В сонной беседе неприметно текло время и, неравномерно длясь, словно бы вязало узлы уходящих часов, целиком заглатывая невесть куда пустые промежутки дления. Неприметно, без перехода, орава наша вдруг обнаруживала себя уже на обратной дороге, на белой от снега тропе шпалеры, обведенной черной и сухой каймой кустарника. Уже много заполночь шли мы вдоль лохматой этой кромки мрака, в ночь ясную и безлунную, в млечный ненастоящий день, отирая медвежью шерсть кустов, похрустывающих под нашими шагами. Рассеянная белость света, брезжившая из снега, из бледного воздуха, из млечных пространств, была подобна серой бумаге гравюры, на которой глубокой чернью перепутываются черточки и штриховки густых зарослей. Ночь, теперь уже далеко заполночь, повторяла серию ноктюрнов, ночных гравюр учителя Арендта, продлевая его фантазии.

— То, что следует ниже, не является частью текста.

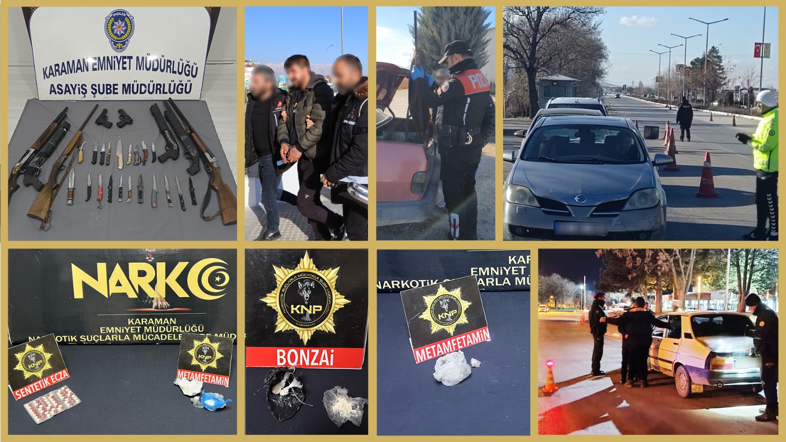 Karaman Emniyet Müdürlüğü tarafından asayiş, narkotik ve trafik olayları başta olmak üzere vatandaşların huzurunu bozacak her türlü suçun engellenmesi, suça karışan şahısların yakalanması amacıyla 30 Aralık 2023 – 05 Ocak 2024 tarihleri arasında asayiş çalışması yürütüldü.Yürütülen çalışmalar neticesinde:• 8069 şahıs sorgulanmış,

В черной парковой чащобе, в мохнатой шерсти зарослей, в ломком хворосте попадались ниши, гнезда глубочайшей пушистой тьмы, полные путаницы, тайных жестов, беспорядочного разговора знаками. В гнездах этих было укромно и тепло. В ворсистых наших пальто мы устраивались на мягком нехолодном снегу, грызя орехи, которыми в ту весноподобную зиму была полна лещинная чащоба. В зарослях беззвучно пробегали ласки, ихневмоны и куницы, продолговатые и на низких лапках меховые принюхивающиеся зверьки, смердящие овчиной. Мы подозревали, что меж них есть экземпляры из школьного кабинета, каковые, хотя выпотрошенные и плешивые, чуяли в ту белую ночь выпотрошенным нутром своим голос давнего инстинкта, зов течки, и устремлялись в леса для недолгой обманной жизни.
Потихоньку фосфоресценция весеннего снега мутнела и погасала, наползали густые и черные предрассветные мраки. Кто-нибудь из наших засыпал в теплом снегу, кто-то угадывал на ощупь в невнятице парадных свои жилища, ощупью же входил в темные нутра, в сон родителей и братьев, в продолжение их глубокого храпа, который и догонял на поздних своих дорогах.

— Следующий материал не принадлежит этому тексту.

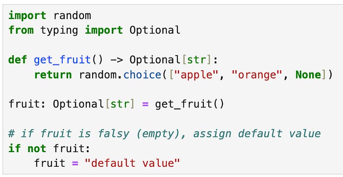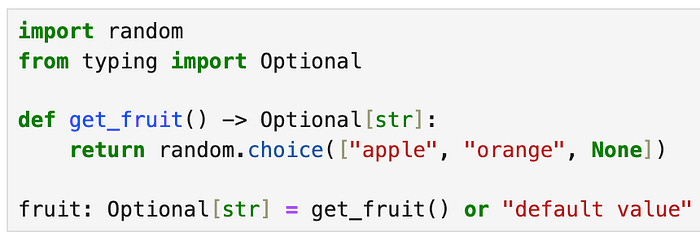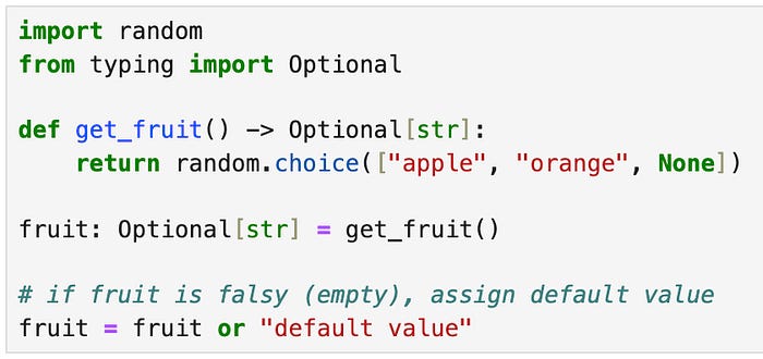 if fruit is falsy (empty string or None), it is automatically reassigned to "default value"

Ночные сеансы были исполнены для меня таинственного очарования, потому и теперь, решив, что не позволю себе задержаться ни на минутку дольше, я не мог не воспользоваться возможностью, пусть мимоходом, но заглянуть в рисовальный класс. Поднимаясь по кедровым, звучно резонирующим ступеням черной лестницы, я обнаружил, однако, что нахожусь в незнакомой, до сих пор неведомой мне части здания.
Малейший шорох не нарушал величавую тишину. Коридоры, застланные плюшевой дорожкой, были в этом крыле респектабельней и просторней. Небольшие, темно горевшие лампы, светили на поворотах. Миновав один такой поворот, я попал в коридор еще больший, устроенный с дворцовой роскошью. Одна его стена открывалась широкими стеклянными аркадами внутрь самое квартиры и являла взору долгую анфиладу комнат, уходящих вдаль и обставленных с ослепительным великолепием. Шпалера шелковой обивки, золоченых зеркал, драгоценной мебели и хрустальных люстр уводила взгляд в пушистую мякоть пышных интерьеров, полных цветной круговерти, мерцающих арабесок, гирляндовых хитросплетений и готовых процвести бутонов. Немая тишина пустых этих гостиных была насыщена разве что тайными взглядами, какими обменивались зеркала, и суматохой арабесок, бегущих высоко по фризам стен и пропадающих в лепнине белых потолков.
В изумлении и почтении замер я перед таковым великолепием, догадавшись, что ночная моя эскапада неожиданно привела меня к директорскому флигелю в частную его квартиру. Я стоял, пригвожденный любопытством, готовый бежать при малейшем шорохе, и сердце мое колотилось. Ну чем бы я, обнаруженный, смог объяснить ночное шпионство, дерзкое мое любопытство? В каком-то из глубоких плюшевых кресел могла, не замеченная и тихая, сидеть директорская дочка и, оторвавшись от книжки, поднять на меня глаза — черные, сибиллические, спокойные очи, взгляда которых никому из нас не получалось выдержать. Однако отступиться на полдороге, не осуществив намеченного, я полагал трусостью. К тому же и ненарушимая тишина царила в пышных помещениях, освещенных притемненным светом неопределенного времени суток. Сквозь аркады коридора я различил на противоположной стороне обширного салона большие застекленные двери, ведущие на террасу. Вокруг было так тихо, что я набрался духу. Я не почел слишком большим риском сойти по двум ступенькам на уровень залы, несколькими скачками пересечь большой дорогой ковер и оказаться на террасе, с которой легко возможно будет попасть на знакомую мне улицу.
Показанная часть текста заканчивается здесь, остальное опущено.